I have been trying to use the "csebuetnlp/mT5_multilingual_XLSum" model for summarization purposes.
The code I tried is listed as below:


!pip install transformers
!pip install sentencepiece
import transformers
text_example = """ 
En düşük emekli aylığının 5 bin 500 liradan 7 bin 500 liraya yükseltilmesi için TBMM'de yasal düzenleme yapılacak; ardından zamlı aylıkların nisan ayında hesaplara aktarılması planlanıyor.

AKP'li Cumhurbaşkanı Recep Tayyip Erdoğan'ın dün katıldığı televizyon programında en düşük emekli aylığının 7 bin 500 liraya yükseltildiği yönündeki açıklaması, emekliler tarafından memnuniyetle karşılandı.

Bu müjdenin ardından gözler, söz konusu kararın uygulanması için TBMM'de yapılacak yasal düzenlemeye çevrildi.

En düşük emekli aylığının 7 bin 500 liraya yükseltilmesi yönündeki kararın ilerleyen günlerde yasalaşması ve zamlı aylıkların nisan ayında hesaplara yatırılması bekleniyor.

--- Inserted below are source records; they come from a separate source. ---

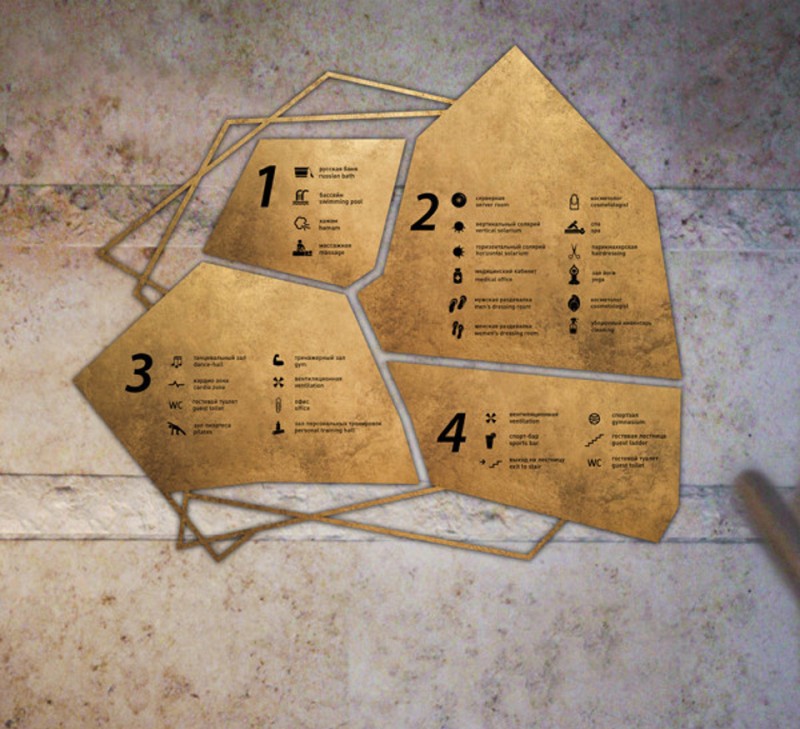 金色是一种材质色,一种略深的黄色,是指表面极光滑(镜面)并呈现金属质感的黄色物体的视觉效果,是高贵、辉煌的象征。在导视系统的设计中,金色的使用会比较有限,高档会所是其聚集地,但在造型的选择中,大多选择华贵的花纹来衬托金色的华丽。下面这套导视在造型的选择上却别出心裁,不规则的图形拼合的导视,充满了古堡与博物馆气息。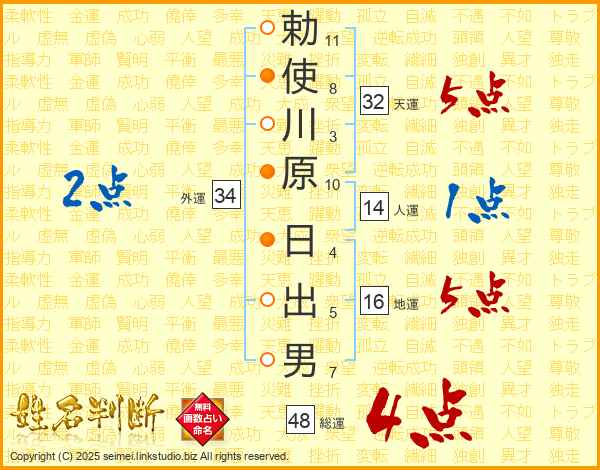 勅(11画)使(8画)川(3画)原(10画) 日(4画)出(5画)男(7画)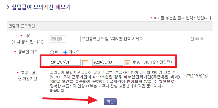 나이에는 주민번호 앞 6자리(즉 생년월일)를 입력하고, 고용보험 총가입기간에는 고용보험 가입날짜(취직날짜와 비슷합니다)와 퇴직날짜를 입력하고 확인을 누르면 총 가입기간이 나오게 됩니다.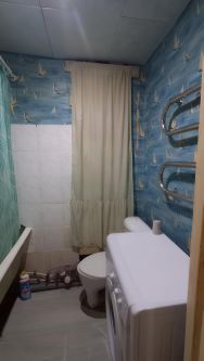 В квартире сделан косметический ремонт. Комната светлая и просторная, в ней есть необходимая мебель . Кухня площадью 6 кв. м оборудована мебелью ,есть холодильник и стиральная машина. Санузел совмещенный, есть ванна. Окна выходят во двор.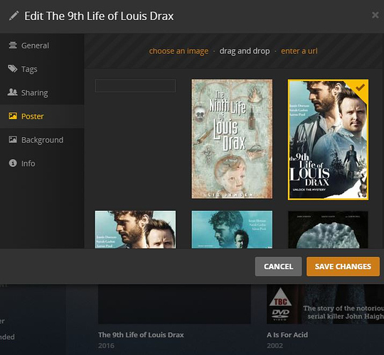 First, let’s look at 8-Ball. The fact it shows no posters at all tells me that most likely Plex has not matched the movie. If the movie is unknown to Plex then all you get for poster options are random screen shots.

Söz konusu artıştan, EYT düzenlemesiyle emekli olanlarla beraber emeklilerin yarısından fazlası yararlanacak.
"""

from transformers import pipeline
summarizer = pipeline("summarization", model= "csebuetnlp/mT5_multilingual_XLSum")
summarizer(text_example)

The output I got is listed as below:

Requirement already satisfied: transformers in d:\anaaac\lib\site-packages (4.24.0)
Requirement already satisfied: regex!=2019.12.17 in d:\anaaac\lib\site-packages (from transformers) (2023.3.23)
Requirement already satisfied: pyyaml>=5.1 in d:\anaaac\lib\site-packages (from transformers) (6.0)
Requirement already satisfied: requests in d:\anaaac\lib\site-packages (from transformers) (2.28.1)
Requirement already satisfied: tqdm>=4.27 in d:\anaaac\lib\site-packages (from transformers) (4.65.0)
Requirement already satisfied: huggingface-hub<1.0,>=0.10.0 in d:\anaaac\lib\site-packages (from transformers) (0.11.0)
Requirement already satisfied: packaging>=20.0 in d:\anaaac\lib\site-packages (from transformers) (23.0)
Requirement already satisfied: tokenizers!=0.11.3,<0.14,>=0.11.1 in d:\anaaac\lib\site-packages (from transformers) (0.13.2)
Requirement already satisfied: filelock in d:\anaaac\lib\site-packages (from transformers) (3.9.0)
Requirement already satisfied: numpy>=1.17 in d:\anaaac\lib\site-packages (from transformers) (1.24.2)
Requirement already satisfied: typing-extensions>=3.7.4.3 in d:\anaaac\lib\site-packages (from huggingface-hub<1.0,>=0.10.0->transformers) (4.4.0)
Requirement already satisfied: colorama in d:\anaaac\lib\site-packages (from tqdm>=4.27->transformers) (0.4.6)
Requirement already satisfied: certifi>=2017.4.17 in d:\anaaac\lib\site-packages (from requests->transformers) (2022.12.7)
Requirement already satisfied: charset-normalizer<3,>=2 in d:\anaaac\lib\site-packages (from requests->transformers) (2.0.4)
Requirement already satisfied: idna<4,>=2.5 in d:\anaaac\lib\site-packages (from requests->transformers) (3.4)
Requirement already satisfied: urllib3<1.27,>=1.21.1 in d:\anaaac\lib\site-packages (from requests->transformers) (1.26.14)
Requirement already satisfied: sentencepiece in d:\anaaac\lib\site-packages (0.1.97)
---------------------------------------------------------------------------
OSError                                   Traceback (most recent call last)
File D:\anaaac\lib\site-packages\transformers\tokenization_utils_base.py:1932, in PreTrainedTokenizerBase._from_pretrained(cls, resolved_vocab_files, pretrained_model_name_or_path, init_configuration, use_auth_token, cache_dir, local_files_only, _commit_hash, *init_inputs, **kwargs)
   1931 try:
-> 1932     tokenizer = cls(*init_inputs, **init_kwargs)
   1933 except OSError:

File D:\anaaac\lib\site-packages\transformers\models\t5\tokenization_t5.py:155, in T5Tokenizer.__init__(self, vocab_file, eos_token, unk_token, pad_token, extra_ids, additional_special_tokens, sp_model_kwargs, **kwargs)
    154 self.sp_model = spm.SentencePieceProcessor(**self.sp_model_kwargs)
--> 155 self.sp_model.Load(vocab_file)

File D:\anaaac\lib\site-packages\sentencepiece\__init__.py:905, in SentencePieceProcessor.Load(self, model_file, model_proto)
    904   return self.LoadFromSerializedProto(model_proto)
--> 905 return self.LoadFromFile(model_file)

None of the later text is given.